WHAT TO DO
Please give the whole listing again word for word, and drop any pictures it holds.

DATA PROVIDED
□ □ □ □ □

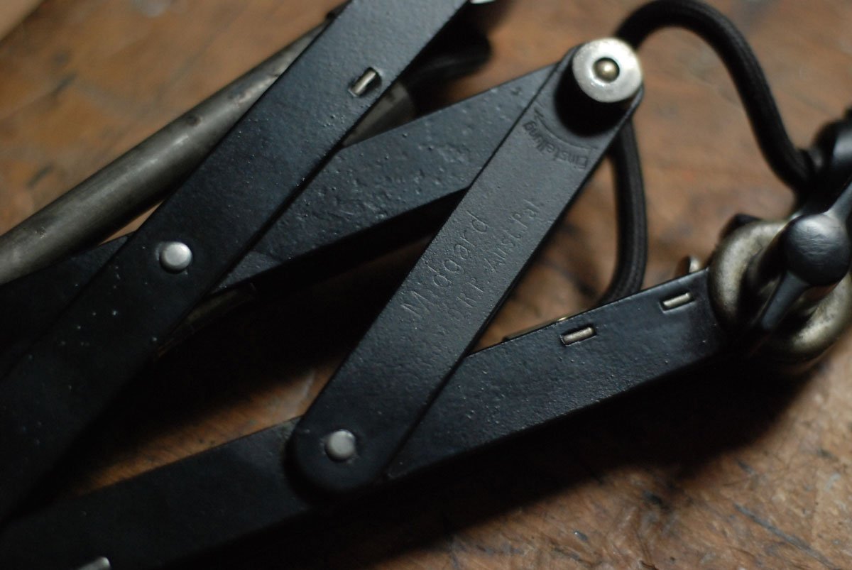 Geprägt ist die Leuchte am Kopf mit dem MIDGARD Logo und DRGM DRP Ausl. Pat. (Vorkrieg), auf der Schere mit Midgard DRM DRP Ausl Pat. und ‚Einstellung‘.
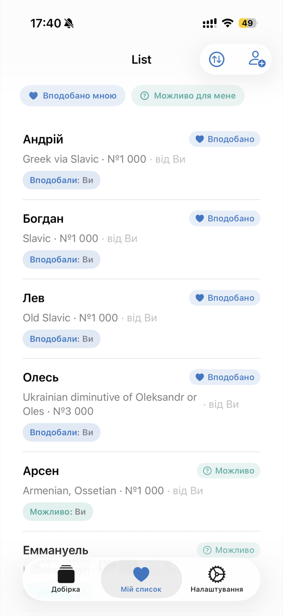 Бачте, які імена подобаються обом, які залишаються під питанням, а які легко відсіяти разом.
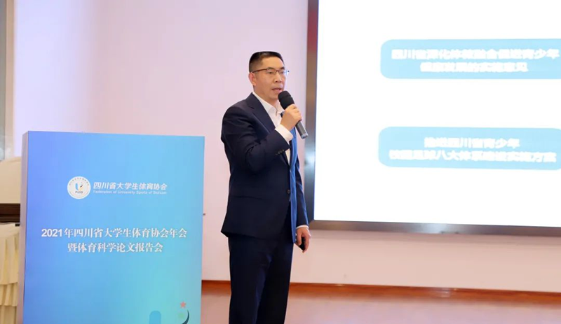 四川省大学生体育协会会长杨远波为协会部门负责人颁发聘书。会上,四川省大学生体育协会副会长邓跃宁宣布科报会论文获奖和课题立项名单。

□ □ □ □ □

RESULT FOR THIS TASK
 Geprägt ist die Leuchte am Kopf mit dem MIDGARD Logo und DRGM DRP Ausl. Pat. (Vorkrieg), auf der Schere mit Midgard DRM DRP Ausl Pat. und ‚Einstellung‘.
 Бачте, які імена подобаються обом, які залишаються під питанням, а які легко відсіяти разом.
 四川省大学生体育协会会长杨远波为协会部门负责人颁发聘书。会上,四川省大学生体育协会副会长邓跃宁宣布科报会论文获奖和课题立项名单。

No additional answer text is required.